The rebranding of MySQL as blockchain was a brilliant move for sales. Bit torrent is decentralized and it doesn't use "blockchain". "Blockchain" only works for money and nothing else
I mean, if you look at transaction cost, settle time, user friendliness, and currency risk, it doesn't even work as a medium of exchange, which is the definition of money.
More than a decade on, approximately nobody uses Bitcoin for normal transactions. Compare with Venmo or MPesa, both of which launched around the same time, to se what actual digital money looks like. Both of those do way more transactions than Bitcoin and are much more widely adopted.
For sure. And I think that speculation (with attendant market manipulation) are the main observed purpose of it these days. The total drugs market is large, but I'd be surprised to learn that even 1% passes through all the cryptocurrencies put together. Especially Bitcoin given how traceable it is.
Got it. I mean, I know people who ride unicycles. But for this I'm not interesting so much in "is it possible" as "is it effective and widely adopted".
Agree, anecdotes aren't data. But seeing non-tech-savvy people doing it definitely makes me think it's somewhat common. I posted half with the expectation that someone would chime in with some personal experience on the topic; HN has a pretty diverse group here.
I found a number of guides on the pros and cons of various international money transfers options, and BTC is often included as an option. I also found some recent (and old!) articles about its use as a remittance system in poorer areas of the world[1].
> Other emerging market central banks in Latin America, India, and Southeast Asia, where remittances make up a significant share of the economy, are in a similar bind. Bitcoin transfers surged in emerging markets last year, as the pandemic accelerated the rise of cheaper, more efficient digital remittance services.
Why does the bitcoin blockchain need to be used for normal transactions? Do you not think a neutral payment rail/unit of account between nation state level actor’s could be valuable?
_Anything_ that one could get central banks or nation states to agree to use would be valuable. The LOE the technical system (SWIFT, Bitcoin, whatever) is absolutely infinitesimal compared to negotiating a change of that magnitude.

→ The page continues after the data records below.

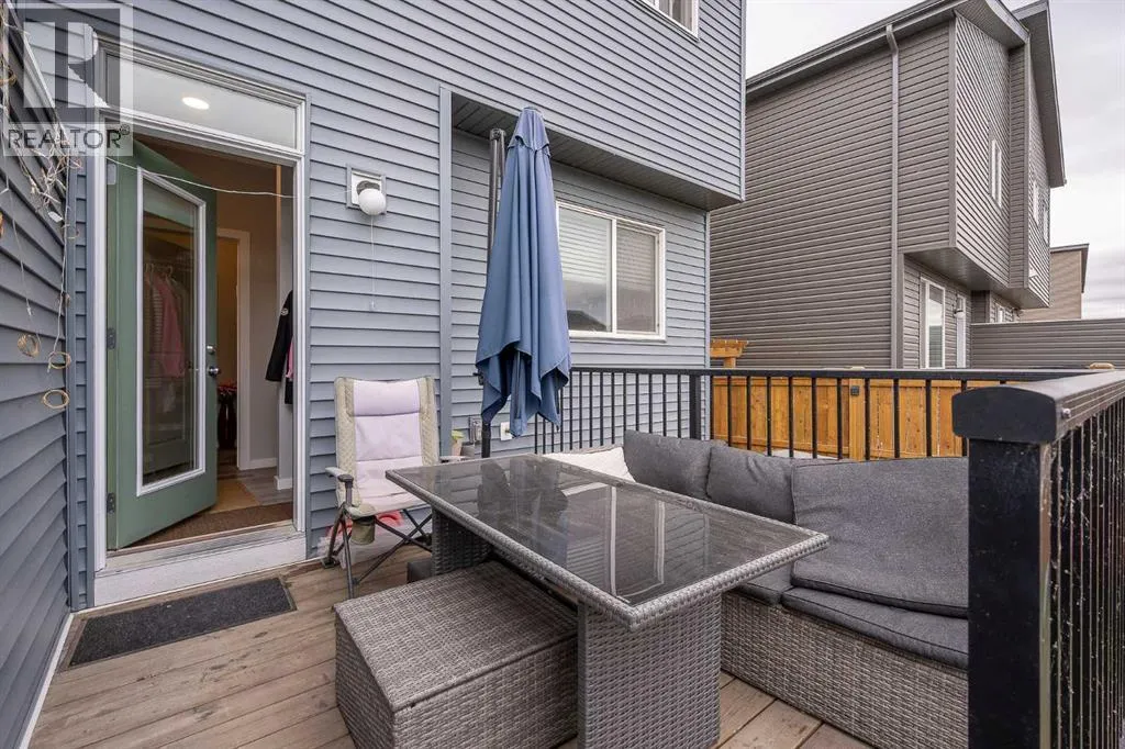 Beautiful 3-Bedroom Duplex in Belmont â Across from a Pond & Surrounded by Future GrowthWelcome to this charming 3-bedroom, 2.5-bath duplex offering 1,407 sq. ft. of bright, open living space in the heart of Belmont, SW Calgary. This home features a welcoming front porch, double detached garage, fenced yard with grass, trees, and a deck, plus a painted basement floor ready for future development. Inside, enjoy high ceilings, an open-concept layout, east-facing primary bedroom with a walk-in closet and 3-piece ensuite, and upper-level laundry. A PAX closet system is included. Any furniture from this home can also be purchased separately or as a package.Located across from a scenic pond, steps from bus stops, and near Ron Southern Elementary and Holy Child School, with another school planned. Enjoy quick access to a dog park, skate park, shopping plaza, walk-in clinic, and grocery stores â plus a new gas station and retail plaza (1-minute walk) under construction.Belmont is one of Calgaryâs fastest-growing communities, with a future C-Train stop, multi-sport recreation centre and library (2027), and a 145,000 sq. ft. retail centre coming soon, making this the perfect home and investment opportunity. (id:27476)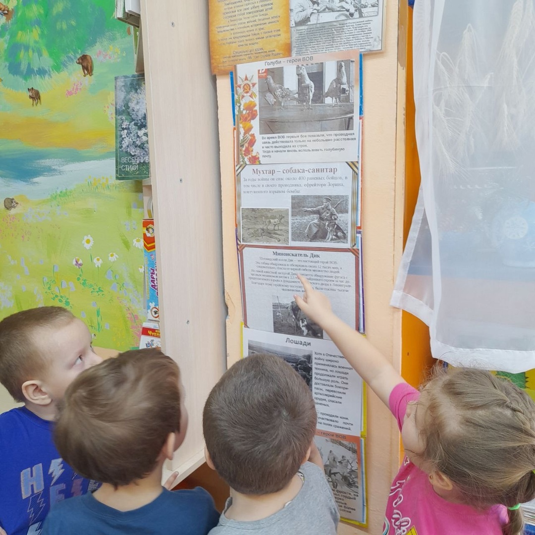 В средней группе прошло необычное занятие, которое вызвало особый интерес у ребят. Дети познакомились с удивительными историями животных, проявивших отвагу и верность людям в годы Великой Отечественной войны.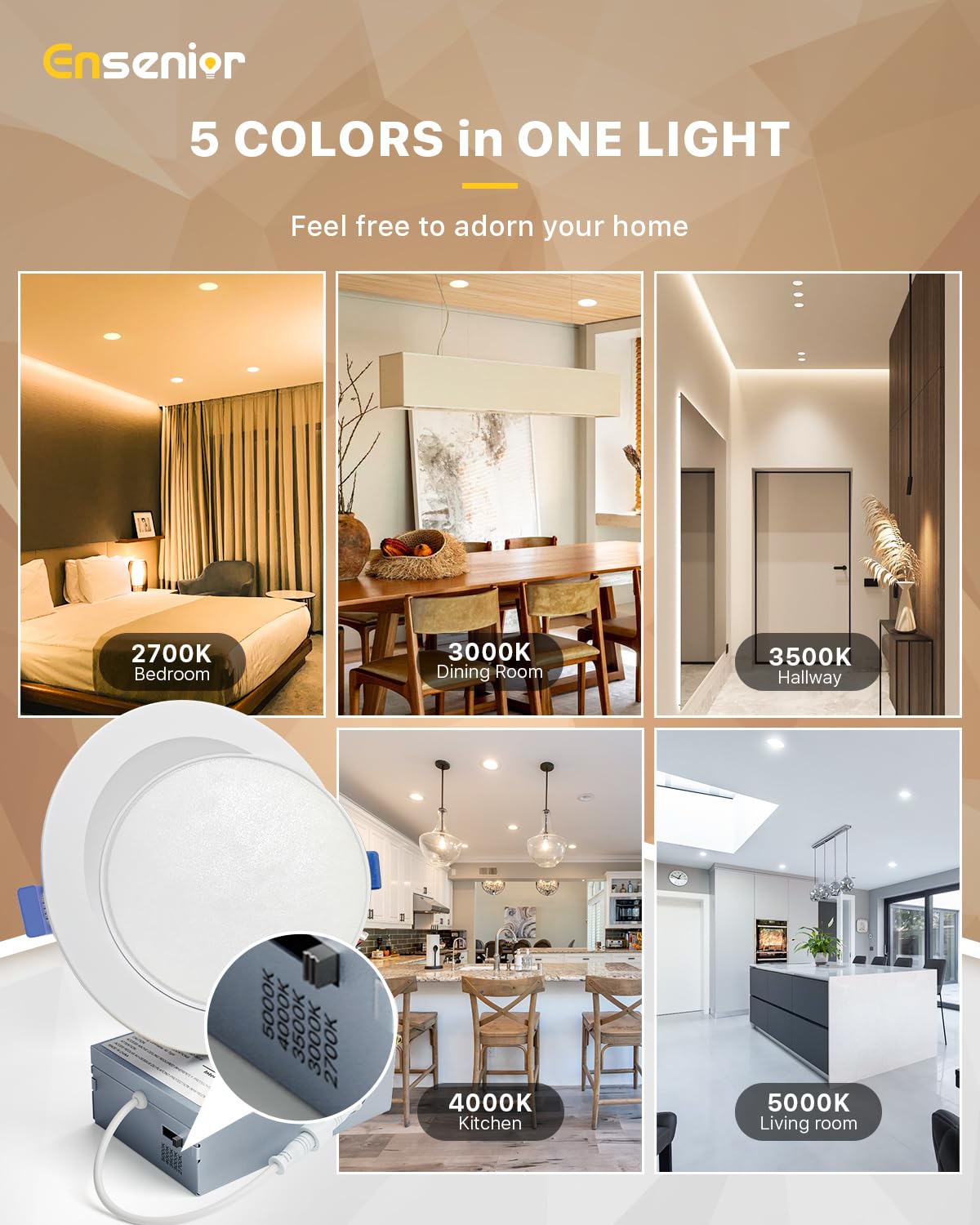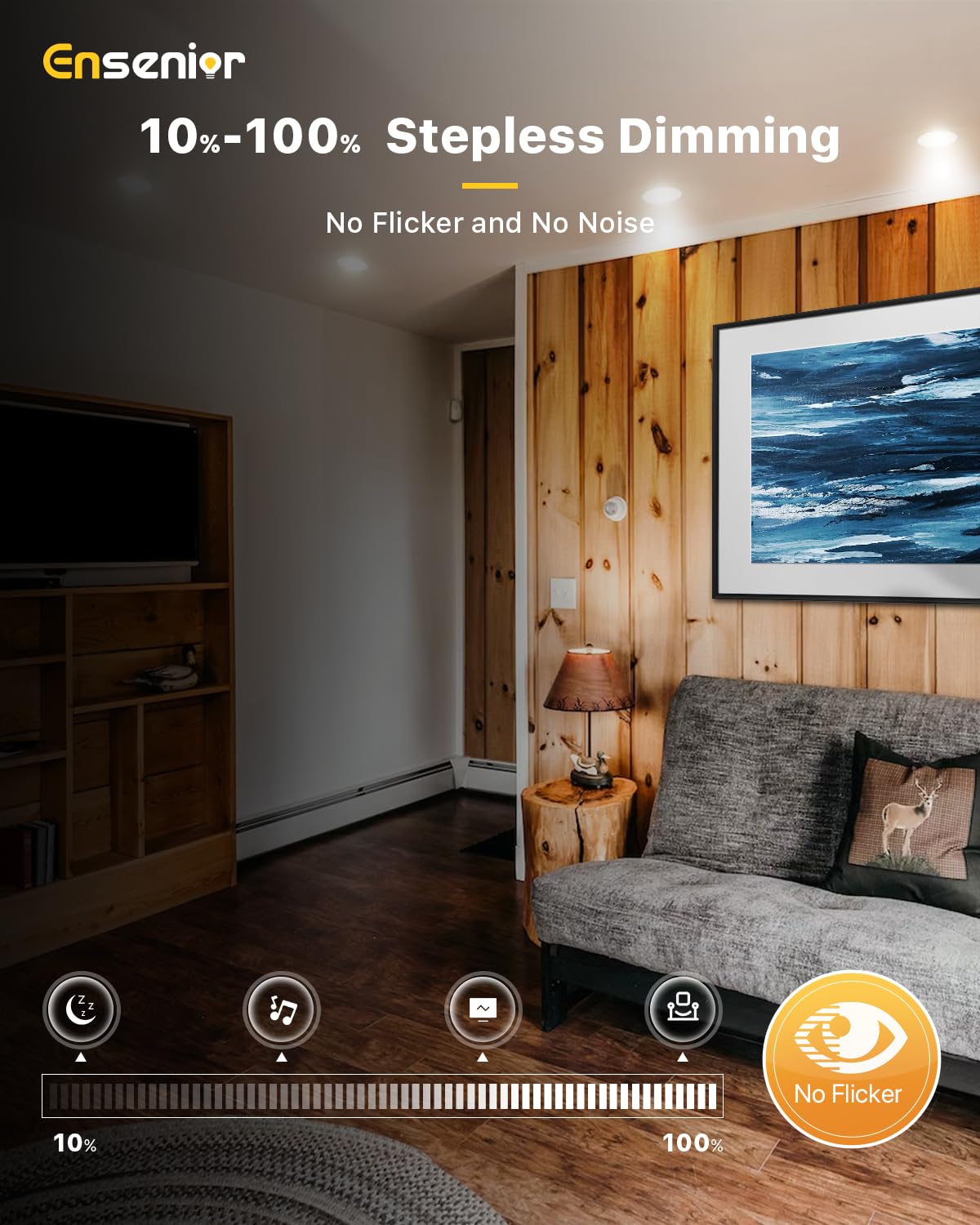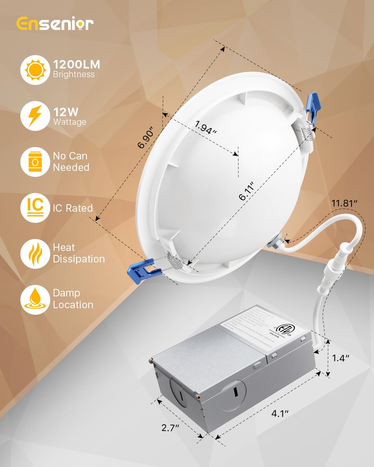 About Ensenior Ensenior Is A Brand Whose Core Values Are Customer Service And Advanced Technology. We Promise Never To Disappoint Any One Customer. Technical Specifications: ?Light Source: Led ?Item Type: Gimbal Downlights 6'' ?Wattage&Amp;Voltage:*W &Amp; 120V ?Color Temperature(Cct): 5Cct(2700K/3000K/3500K/4000K/5000K) ?Luminous Flux:1200 Lm ?Cri: Ra≫90 ?Dimmable;Yes(10%~100%) ?Certification:Rohs ?Workingtemperature(?):-20-50 ?Warranty:5 Years,Lifepan Of 50,000 Hours ?Application: Kitchen, Family Room, Bedroom, Bathroom, Closets, Doorways And Even Basements Compatible Dimmers: A Buzzing Or Flickering Light Is Typically An Indication That The Dimmer Being Used Is Not Compatible With The Lights. Please Consult Dimmer Manufacturer For Maximum Lamps Per Dimmer Capacity. Package Included 4X6'' Led Downlight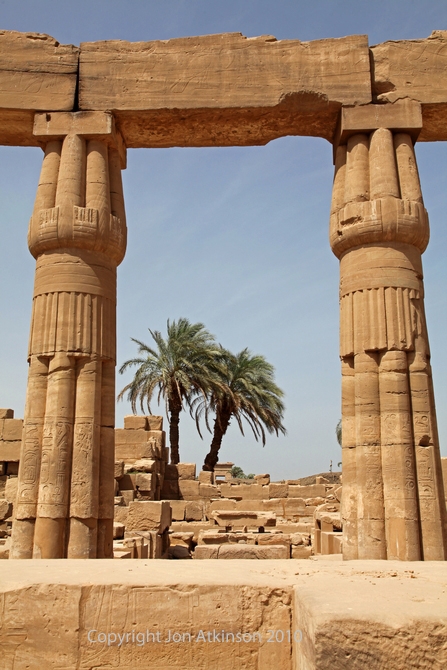 Karnak 20 - Papyrus Capital Colonnade, Karnak Temple Complex: In this photo you can see a colonnade with papyrus capitals. The capitals shown here are closed buds, but they can also be found in an open wide bell-shaped form. |

In my opinion there is nothing wrong with third parties offering services on top but you know, the whole cryptocurrency idea is that you don't need them.
The goal was "a purely peer-to-peer version of electronic cash". That is, money.
If you are proposing a new goal, a settlement system for couple hundred named organizations with strong relationships, then a) that's not money, and b) the Bitcoin system is socially and technically wrong for that. But if we keep the goalposts in their original location, Bitcoin is clearly a failure when you look at how the competition has done.
These nation state level actors would need to convert their Bitcoin into something that they can actually spend. Governments need to pay employees, contractors, and suppliers. These people want actual currency they can spend.
The main alternative would be to issue a Bitcoin backed currency. But then you're just re-creating the gold standard, and all of the problems that go along with that.